While the ten-year boycott of Coors did not save Local 366, it did cement a political alliance that helped advance LGBTQ rights. In 1978, the Briggs Initiative, or Proposition 6, was put on the ballot in California. This initiative would have barred gays and lesbians from working in California public schools. The initiative came at a perilous time for queer rights in America, as in 1977-1978 laws protecting civil rights for LGBTQ people were defeated in Dade County, Florida, St. Paul, Minnesota, Wichita, Kansas, and Eugene, Oregon. The language used by supporters has been recycled by anti-gay activists in the decades since, citing LGBTQ teachers as a unique threat that children much be protected against. At the outset, polls showed the measure winning with 61 percent.
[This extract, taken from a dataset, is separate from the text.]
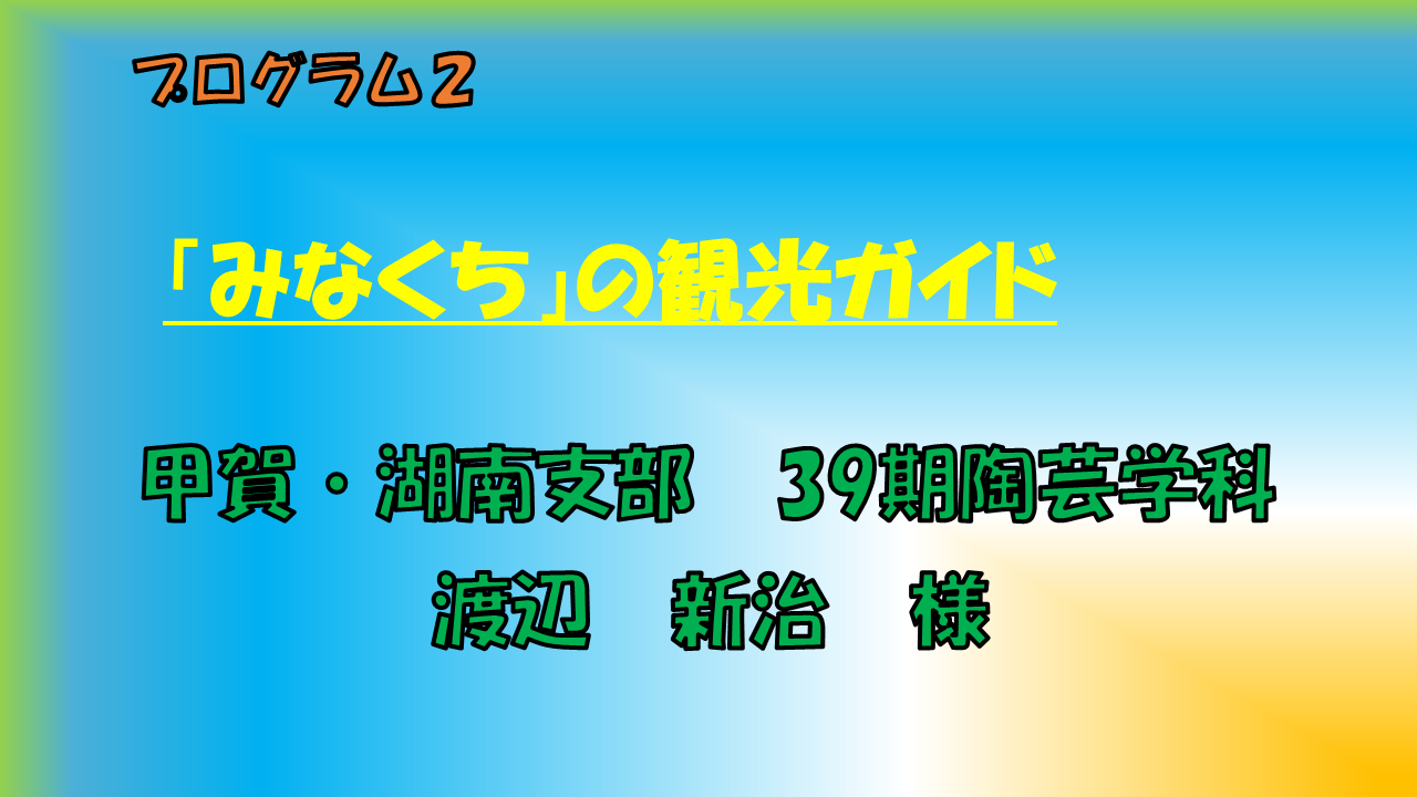 「終の住処」となる「水口」の歴史文化等を学ぶ目的で入会をした水口観光ボランティアガイド部会(今年から甲賀市観光ボランティアガイド会)で活動しています。水口は水口城・水口岡山城の二つの城の城下町として、また東海道五十三次の五十番目の宿場町として繁栄してきましたので史跡や文化財が豊富です。こうした歴史文化の魅力を観光客の皆様や地域の皆様と触れ合い理解を深めています。水口のみどころ紹介とガイド活動について紹介します。 |

However, a vigorous counter-campaign was waged by the LGBTQ community, civil rights groups, and indeed, organized labor. The California gay community had already built a strong relationship with labor due to the Coor’s boycott as well as Harvey Milk’s reputation as being a labor-friendly legislator. The state’s two teacher’s unions, the California Education Association and the California Federation of Teachers, were early opponents of the Initiative given that they would be the most obviously affected. In an April 1978 editorial the San Francisco Teacher, the newspaper of the San Francisco Federation of Teachers, warned that the Briggs Initiative “threatens the job of any employee…who publicly or privately opposed discrimination against homosexuals.” The President of the California Federation of Labor was quoted in a 1978 San Francisco Examiner article as saying it would “cause a witch hunt and destroy the basic functions of our education system.” Other unions including the Teamsters, Steelworkers, Farmworkers, and Auto Workers came out against the initiative. Labor helped mobilize voters to defeat the Briggs Initiative in November, which lost in a landslide by 17 points.
The legacy of the Coors boycott and the alliance it built are important parts of LGBTQ and labor history that deserve to be celebrated, particularly every Pride Month. They should also be considered when looking at which corporations think they can earn goodwill (and Queer dollars) by posing as friends of the LGBTQ community. While Coors should obviously not be trusted, even “progressive” looking corporations like Starbucks, which pose as being friends of LGBTQ people, are not above threatening their trans workers’ health care when they attempt to unionize or fire LGBTQ union organizers. Whether it’s Coors or Starbucks, corporations are not our friends and corporate “support” for Pride will not lead to liberation. Solidarity will.